What you should do ::
Your answer must be an exact copy of the records below, with no pictures in it.

Data records ::

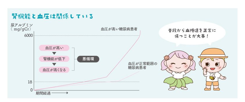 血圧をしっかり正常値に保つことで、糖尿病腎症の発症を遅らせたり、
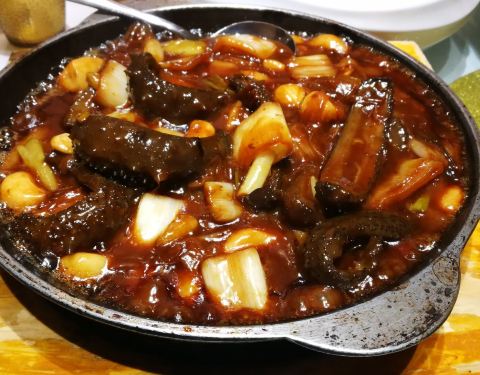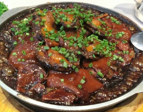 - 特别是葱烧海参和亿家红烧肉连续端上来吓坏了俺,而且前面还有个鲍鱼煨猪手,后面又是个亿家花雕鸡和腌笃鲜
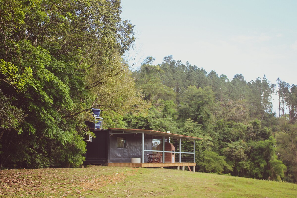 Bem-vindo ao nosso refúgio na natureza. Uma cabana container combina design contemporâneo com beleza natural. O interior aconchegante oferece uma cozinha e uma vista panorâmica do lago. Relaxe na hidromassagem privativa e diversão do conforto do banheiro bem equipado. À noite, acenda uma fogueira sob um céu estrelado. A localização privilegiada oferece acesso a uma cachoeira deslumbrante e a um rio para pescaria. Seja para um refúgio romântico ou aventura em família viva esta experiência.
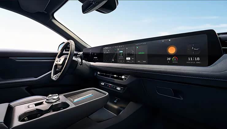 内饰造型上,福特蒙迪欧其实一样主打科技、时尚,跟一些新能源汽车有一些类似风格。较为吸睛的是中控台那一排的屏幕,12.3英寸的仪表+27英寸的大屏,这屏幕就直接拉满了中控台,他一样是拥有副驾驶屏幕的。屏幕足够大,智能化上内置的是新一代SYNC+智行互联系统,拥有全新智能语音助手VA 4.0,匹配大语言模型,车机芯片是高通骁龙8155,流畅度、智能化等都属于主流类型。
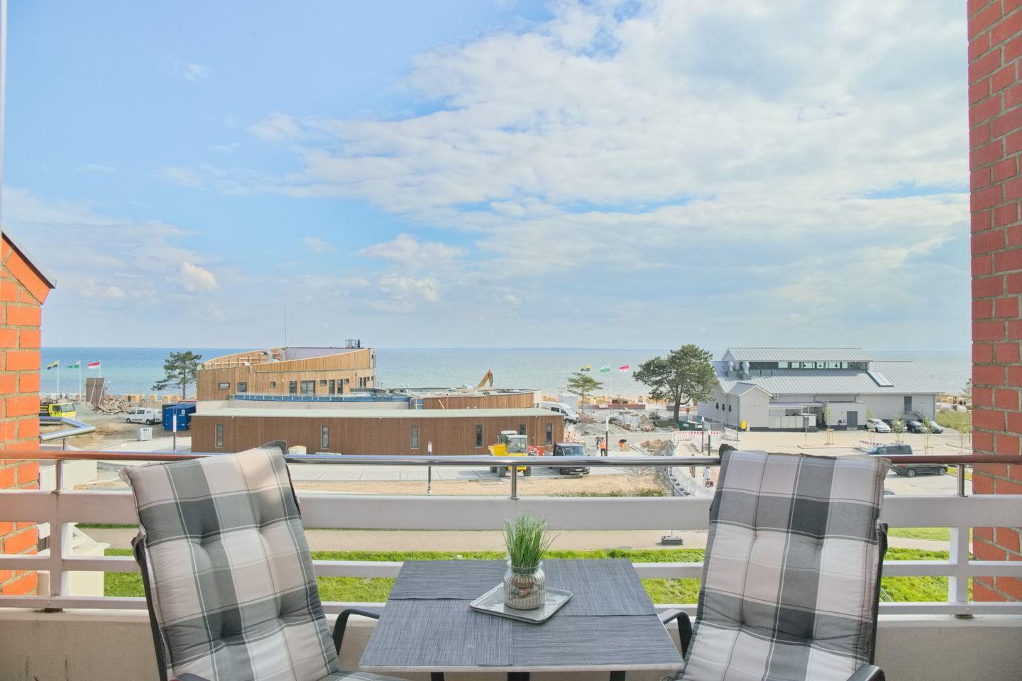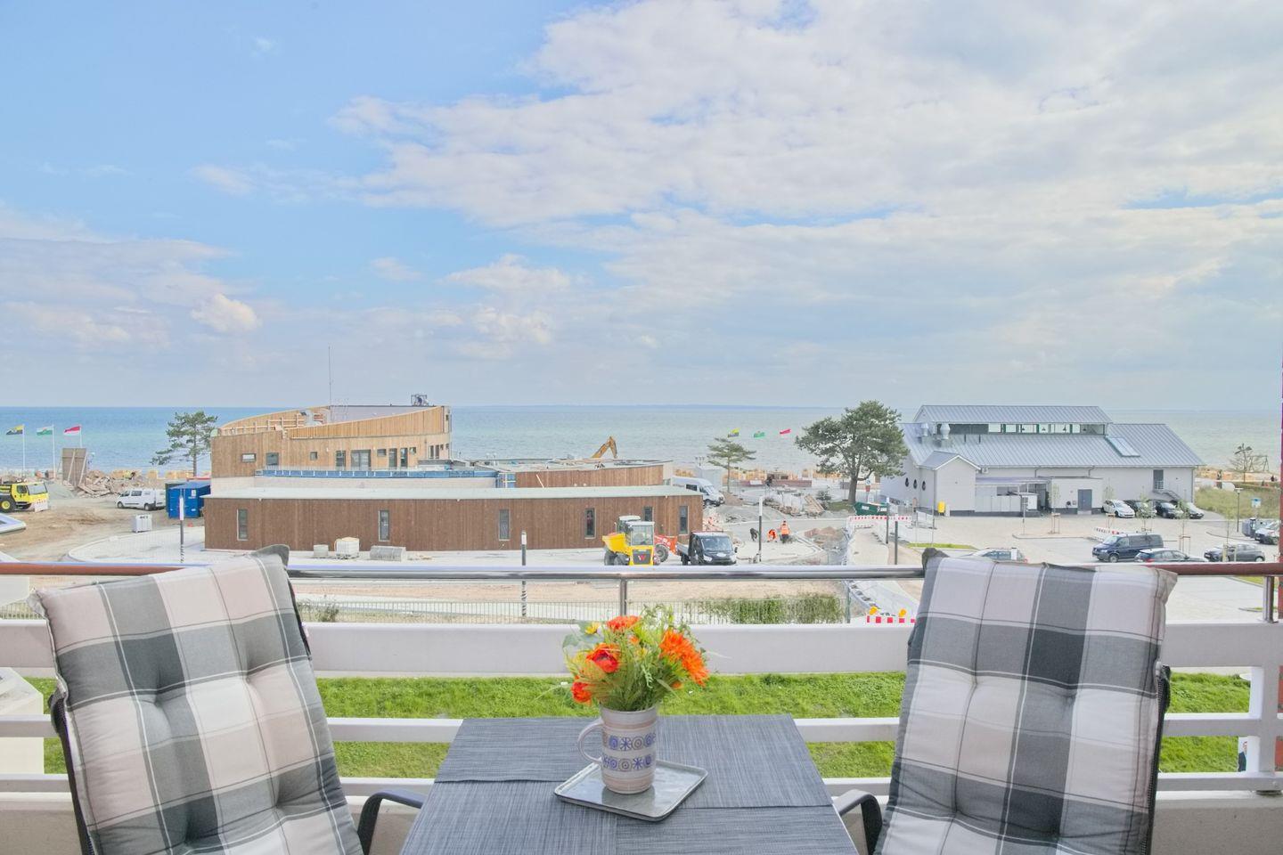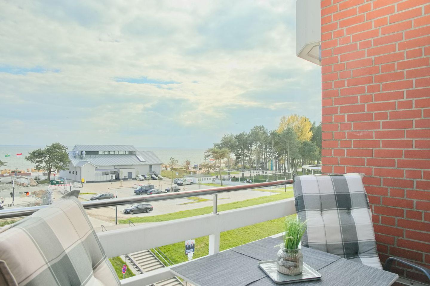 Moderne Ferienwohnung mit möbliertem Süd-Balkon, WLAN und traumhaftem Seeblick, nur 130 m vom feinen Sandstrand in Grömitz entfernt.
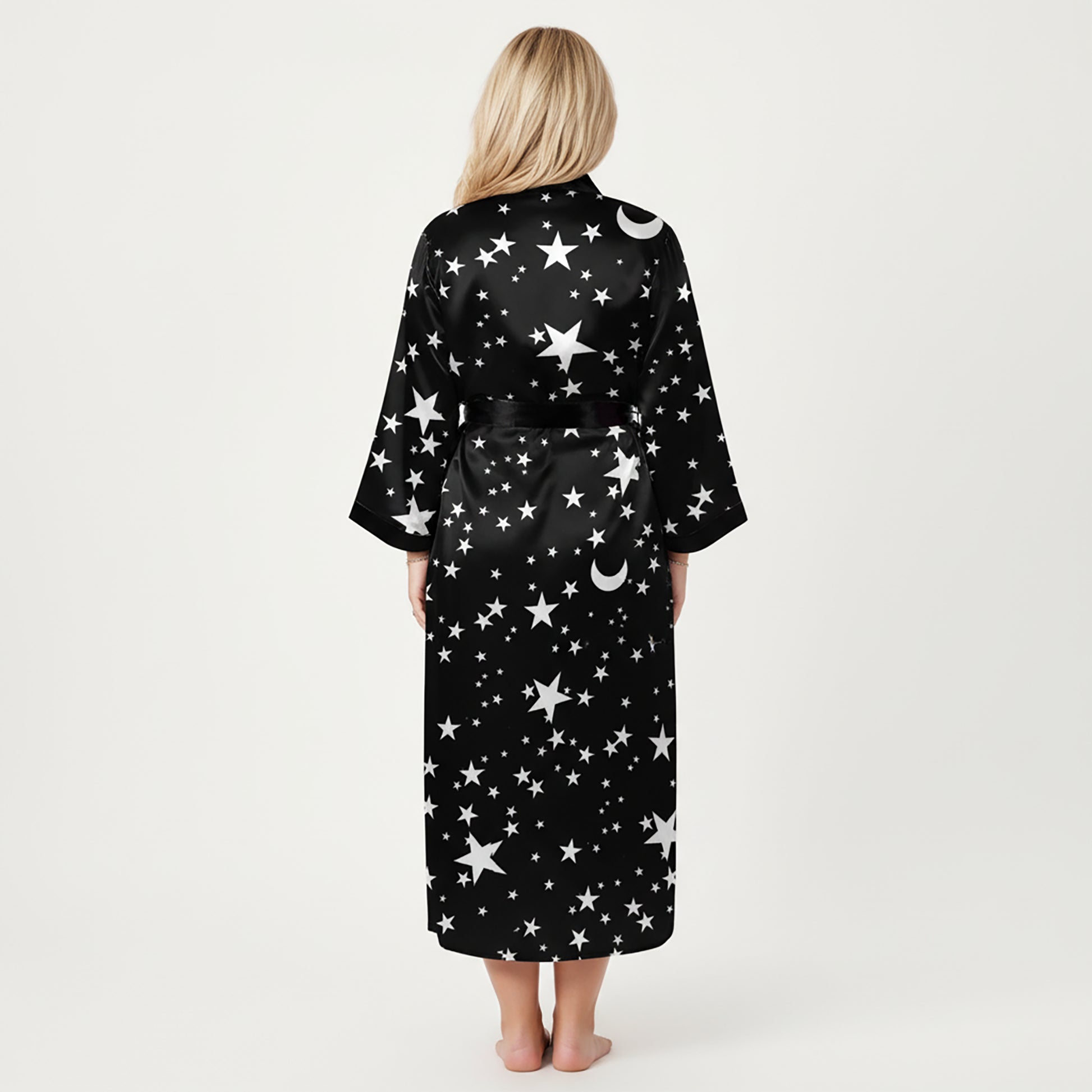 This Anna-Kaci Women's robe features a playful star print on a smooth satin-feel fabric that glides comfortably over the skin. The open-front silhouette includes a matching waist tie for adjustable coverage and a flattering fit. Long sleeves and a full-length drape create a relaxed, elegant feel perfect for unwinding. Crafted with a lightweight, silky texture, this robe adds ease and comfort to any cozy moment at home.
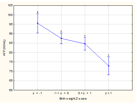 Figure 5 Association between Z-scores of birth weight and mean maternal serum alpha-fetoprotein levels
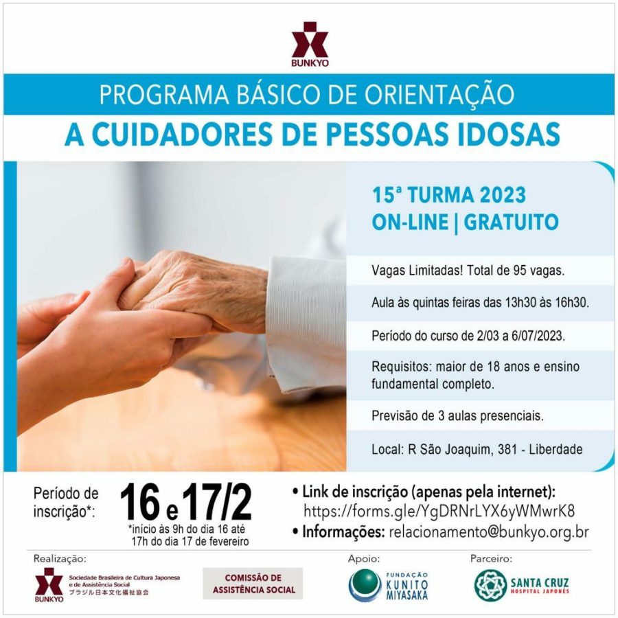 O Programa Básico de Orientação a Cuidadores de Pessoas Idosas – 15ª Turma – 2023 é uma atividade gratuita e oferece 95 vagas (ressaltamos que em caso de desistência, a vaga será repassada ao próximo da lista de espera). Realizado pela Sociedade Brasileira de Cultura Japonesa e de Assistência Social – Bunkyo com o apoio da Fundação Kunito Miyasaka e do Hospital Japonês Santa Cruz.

Answer to the exercise ::
 血圧をしっかり正常値に保つことで、糖尿病腎症の発症を遅らせたり、
 - 特别是葱烧海参和亿家红烧肉连续端上来吓坏了俺,而且前面还有个鲍鱼煨猪手,后面又是个亿家花雕鸡和腌笃鲜
 Bem-vindo ao nosso refúgio na natureza. Uma cabana container combina design contemporâneo com beleza natural. O interior aconchegante oferece uma cozinha e uma vista panorâmica do lago. Relaxe na hidromassagem privativa e diversão do conforto do banheiro bem equipado. À noite, acenda uma fogueira sob um céu estrelado. A localização privilegiada oferece acesso a uma cachoeira deslumbrante e a um rio para pescaria. Seja para um refúgio romântico ou aventura em família viva esta experiência.
 内饰造型上,福特蒙迪欧其实一样主打科技、时尚,跟一些新能源汽车有一些类似风格。较为吸睛的是中控台那一排的屏幕,12.3英寸的仪表+27英寸的大屏,这屏幕就直接拉满了中控台,他一样是拥有副驾驶屏幕的。屏幕足够大,智能化上内置的是新一代SYNC+智行互联系统,拥有全新智能语音助手VA 4.0,匹配大语言模型,车机芯片是高通骁龙8155,流畅度、智能化等都属于主流类型。
 Moderne Ferienwohnung mit möbliertem Süd-Balkon, WLAN und traumhaftem Seeblick, nur 130 m vom feinen Sandstrand in Grömitz entfernt.
 This Anna-Kaci Women's robe features a playful star print on a smooth satin-feel fabric that glides comfortably over the skin. The open-front silhouette includes a matching waist tie for adjustable coverage and a flattering fit. Long sleeves and a full-length drape create a relaxed, elegant feel perfect for unwinding. Crafted with a lightweight, silky texture, this robe adds ease and comfort to any cozy moment at home.
 Figure 5 Association between Z-scores of birth weight and mean maternal serum alpha-fetoprotein levels
 O Programa Básico de Orientação a Cuidadores de Pessoas Idosas – 15ª Turma – 2023 é uma atividade gratuita e oferece 95 vagas (ressaltamos que em caso de desistência, a vaga será repassada ao próximo da lista de espera). Realizado pela Sociedade Brasileira de Cultura Japonesa e de Assistência Social – Bunkyo com o apoio da Fundação Kunito Miyasaka e do Hospital Japonês Santa Cruz.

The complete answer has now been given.